Drug target for Ebola-like viruses identified

A potential mechanism to combat diseases caused by haemorrhagic fever viruses such as Ebola has been discovered, scientists say.
These diseases present a dramatic risk to human health as they often spread quickly and kill a high percentage of infected individuals, as demonstrated by the recent Ebola outbreaks, researchers said.
Effective treatments such as vaccines and drug therapies are not available for many of these infections since the outbreaks mostly occur in developing countries with limited financial resources.
Moreover, the genomes of many haemorrhagic fever viruses mutate rapidly, enabling them to quickly adapt to potential drug treatments and evade the immune system.
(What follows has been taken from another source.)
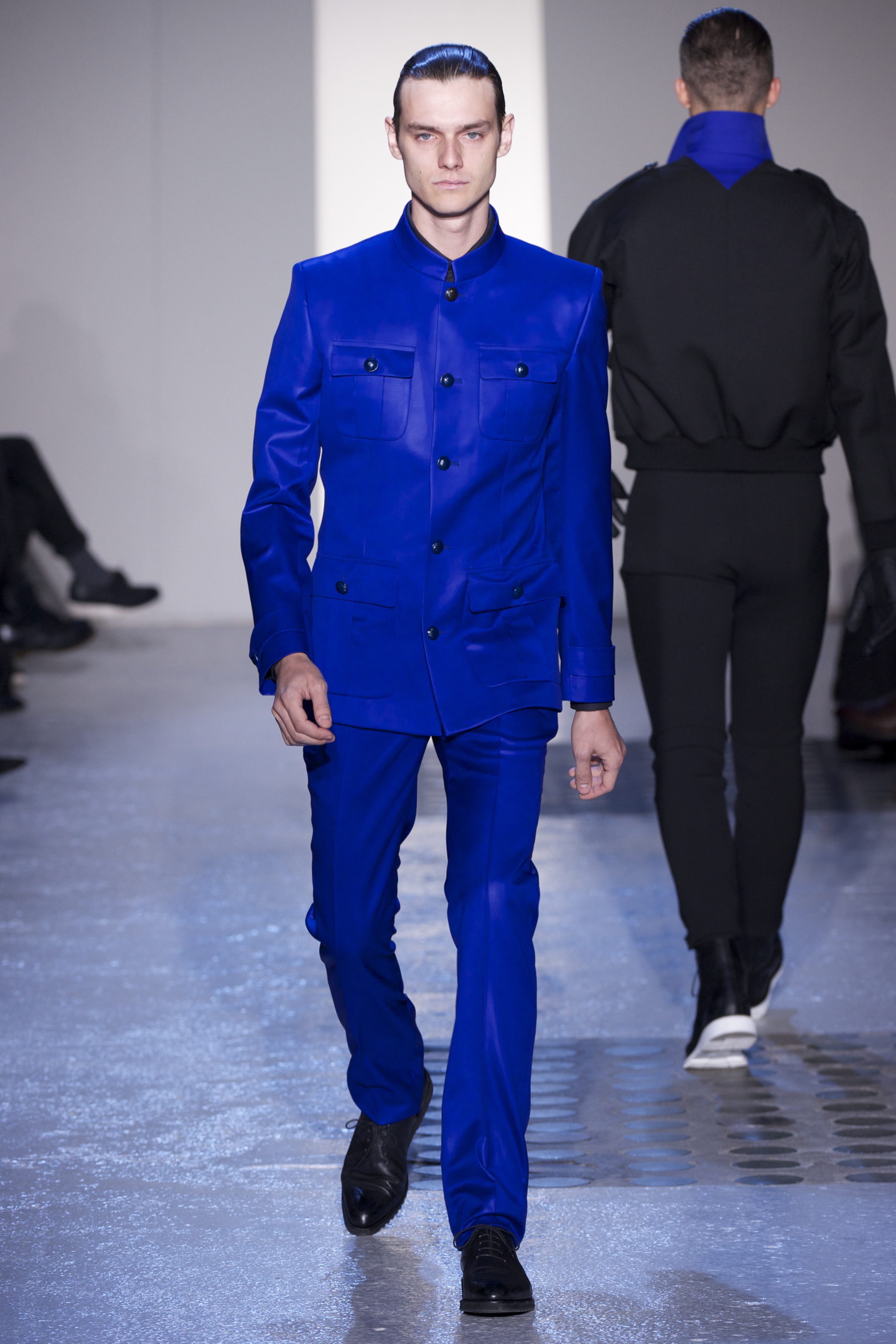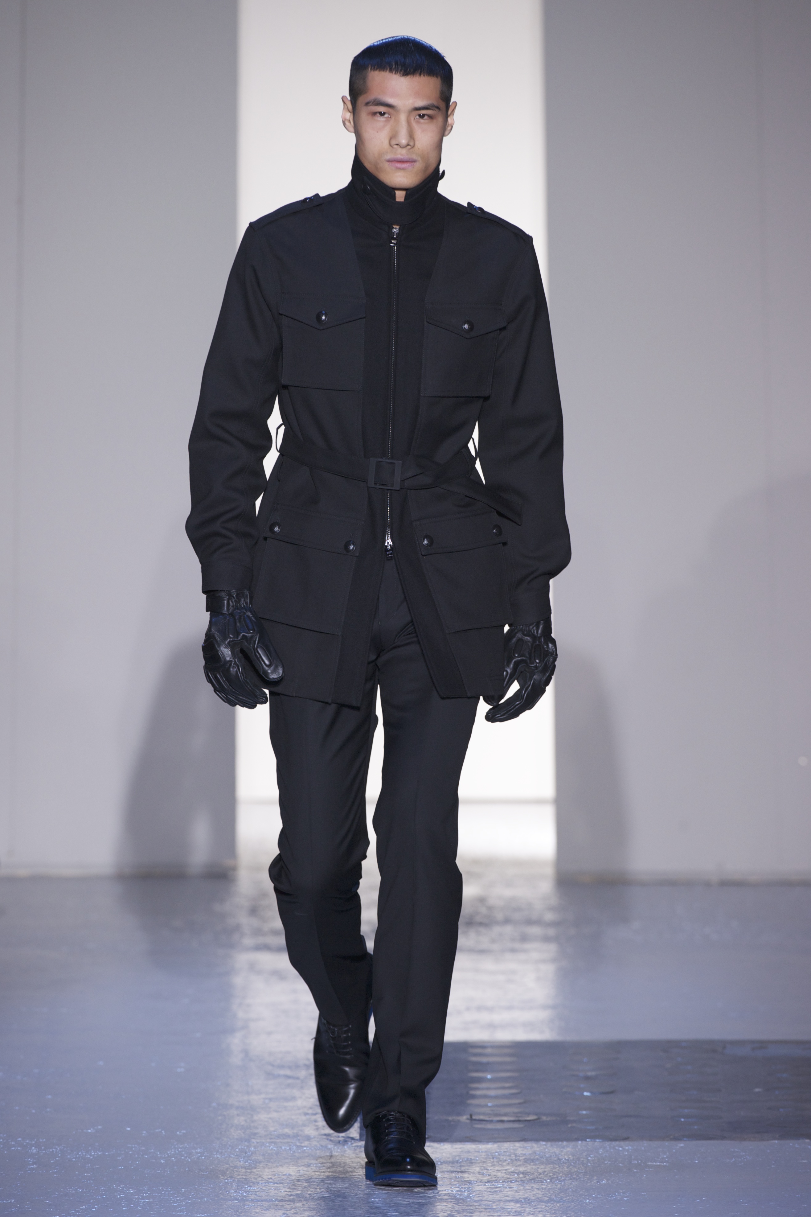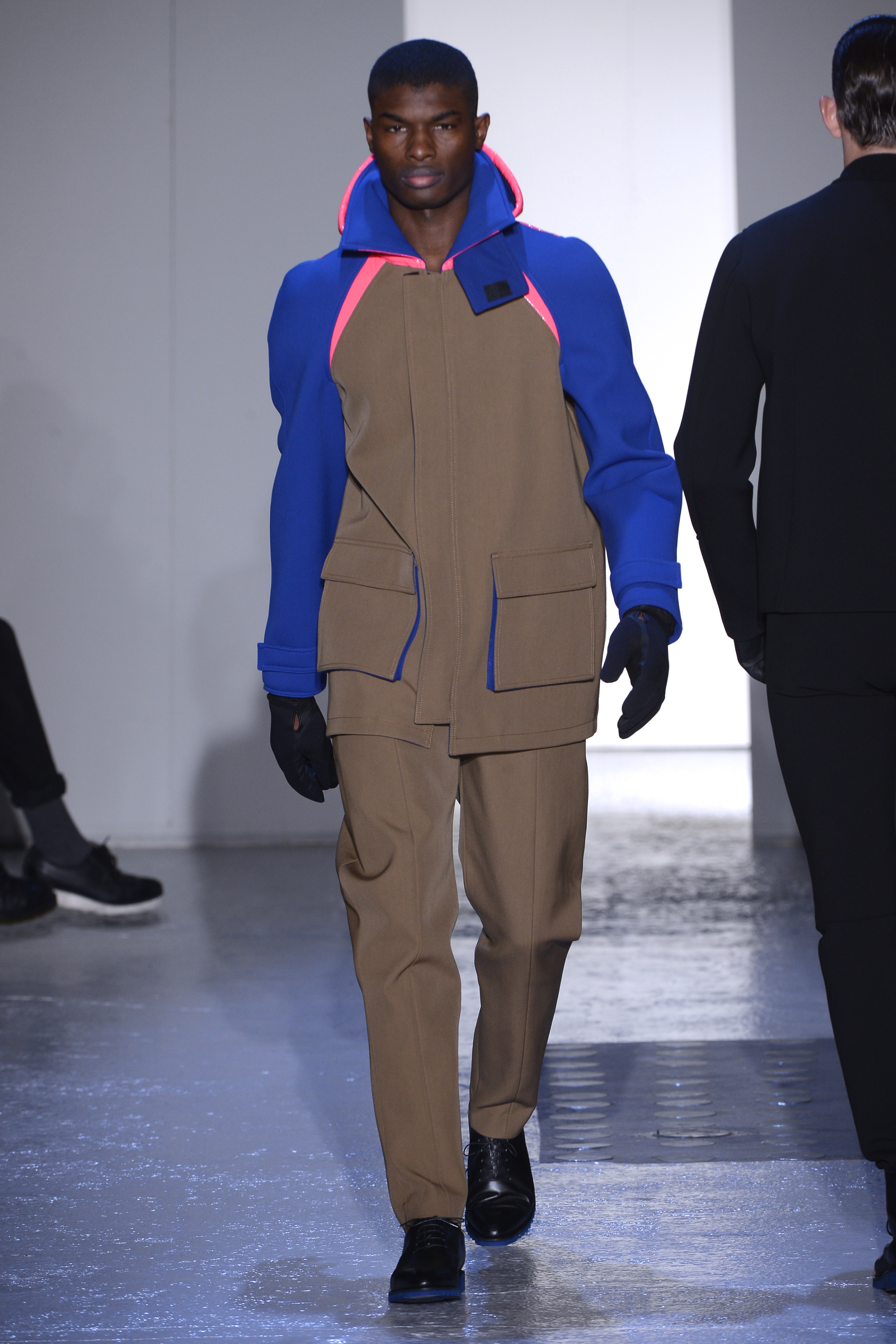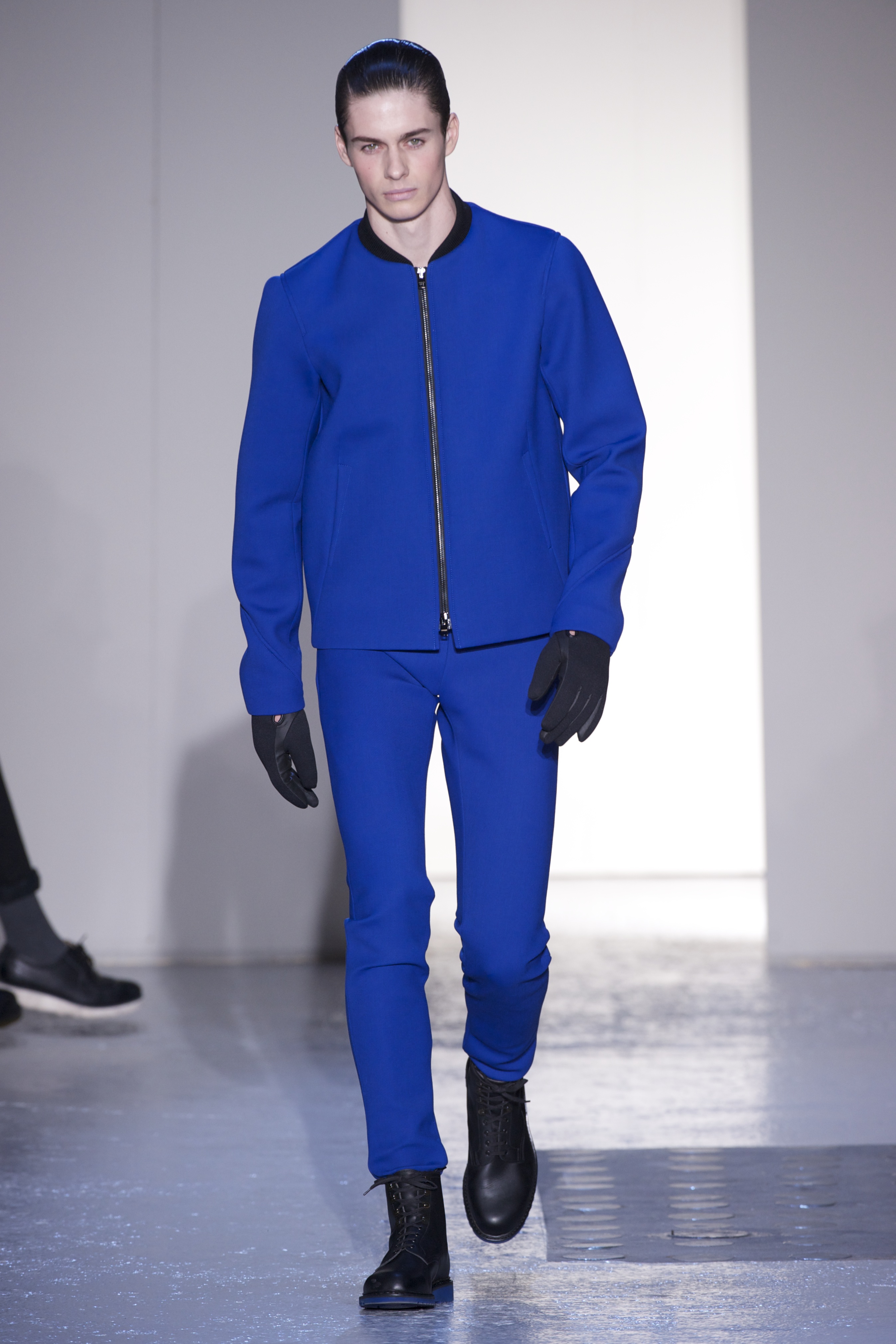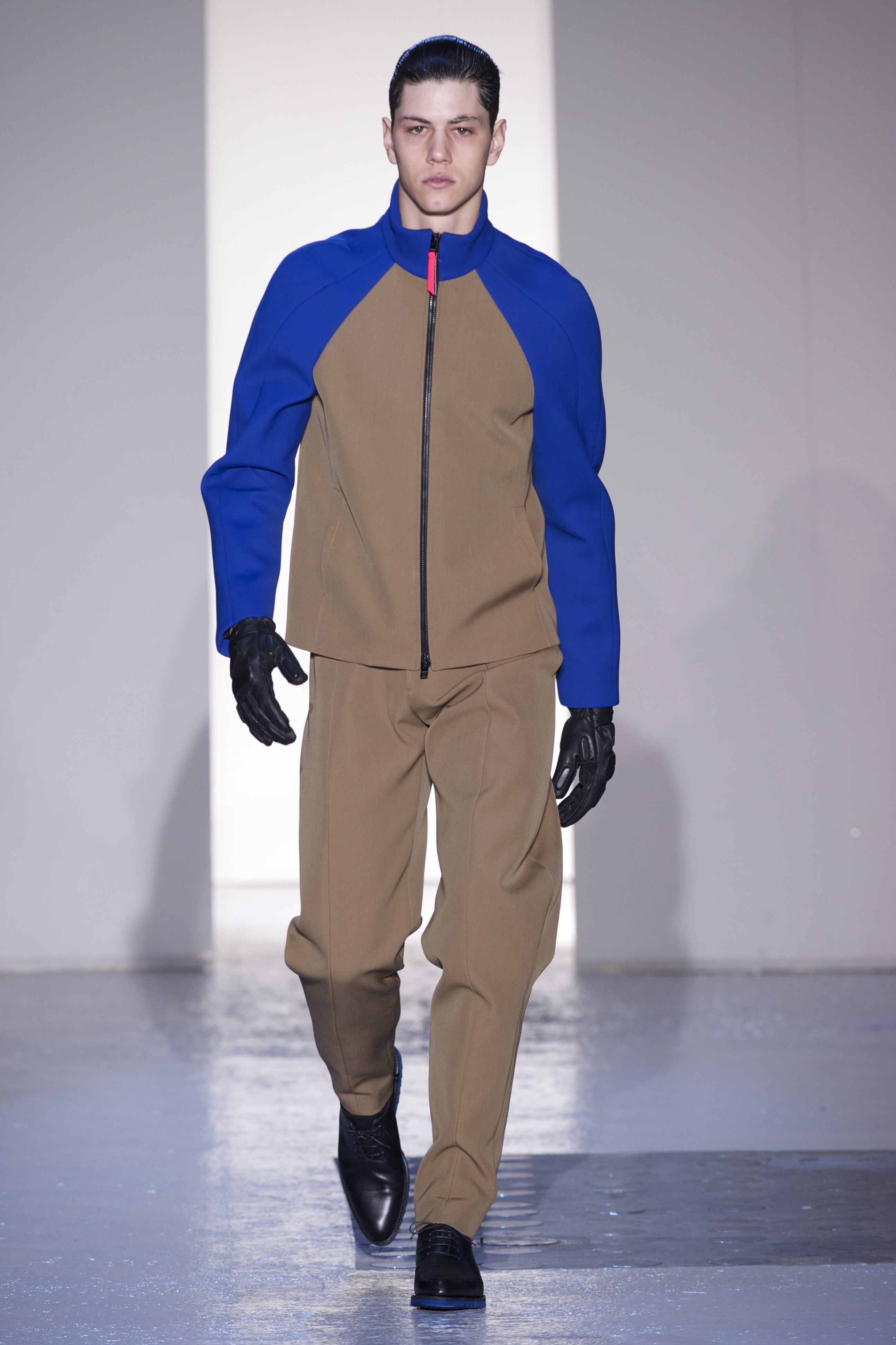 Gris et noir sont bien sur présents mais le créateur n’hésite pas a se diriger vers des teintes flashys, réminiscences de la période des fluo kids. Géométrie impeccable et looks pointus, ce sont des vêtements futuristes ou rétro-futuristes évoquant les tenues des militaires ou des astronautes. Les matières sont néanmoins douces et on n’assiste pas à une trop grande excentricité quand à leur choix. Les volumes, conséquents, mais toujours maîtrisés, confèrent un effet dramatique aux tenues.

"Although our work does not directly lead to treatments on a short term, it does identify a process where the virus could be vulnerable to drug therapy, or how we might design an attenuated viral strain for vaccine development," said first author Normand Cyr, a postdoctoral researcher at the University of Montreal.
"Identification of the Achilles heels of haemorrhagic fever viruses like the Rift Valley fever virus will help inspire additional research and eventually lead to the development of new therapeutic strategies to treat these deadly tropical infections," said Cyr.

Researchers used Nuclear Magnetic Resonance (NMR) spectroscopy studies to investigate the structural properties of an important viral protein required for virulence of the Rift Valley fever virus, a virus that causes infections in both humans and livestock similar to the Ebola virus.

Viral proteins such as the Non-structural protein (NSs) studied in the research bind to the transcription machinery of human cells via the p62 subunit of the TFIIH protein complex, which leads to the formation of nuclear filaments that are essential for propagation of the virus.
"The structural details reported show that the viral protein uses a simple so-called OXaV motif that is similar to that found in human DNA repair proteins, and blocking this binding event with drugs would certainly weaken the virulence of the virus," said senior co-author Professor James Omichinski, who supervised the research.
The research was published in the journal PNAS.